*DESCRIPTION OF THE TASK*. Set down without change every line from the line that contains "The Borough of" through the end of the listing, and only those lines. No pictures.

*GIVEN DATA*.
○ ○ ○ ○
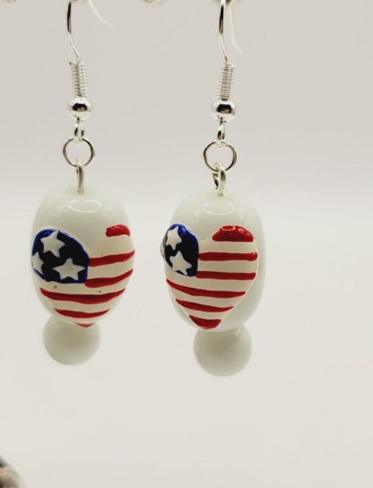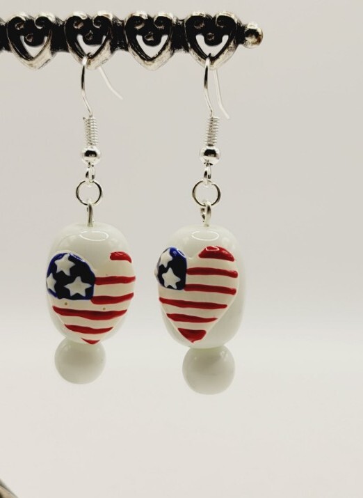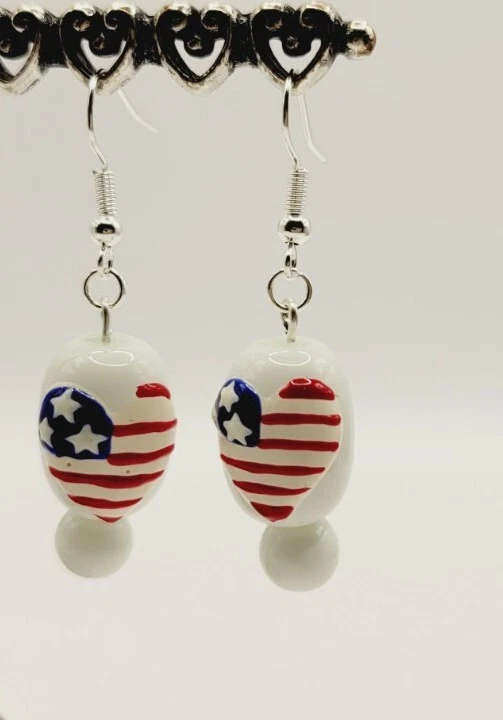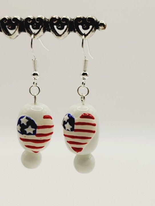 HomeUSA Flag Love Hand-Painted Red White Blue Heart Dangle Beaded Earrings Set
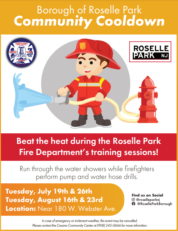 The Borough of Roselle Park and the Roselle Park Fire Department will be hosting four community cooldown events during July and August.
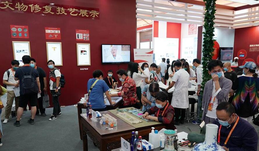 9月8日,观众在服贸会上参观文物修复技艺展示。 2020年中国国际服务贸易交易会9月4日至9日在北京举行。在本届服贸会文化服务专题展区,文物修复专家现场展示文物修复技艺,让观众近距离感受文物修复过程。
○ ○ ○ ○
*TASK RESULT*.
 The Borough of Roselle Park and the Roselle Park Fire Department will be hosting four community cooldown events during July and August.
 9月8日,观众在服贸会上参观文物修复技艺展示。 2020年中国国际服务贸易交易会9月4日至9日在北京举行。在本届服贸会文化服务专题展区,文物修复专家现场展示文物修复技艺,让观众近距离感受文物修复过程。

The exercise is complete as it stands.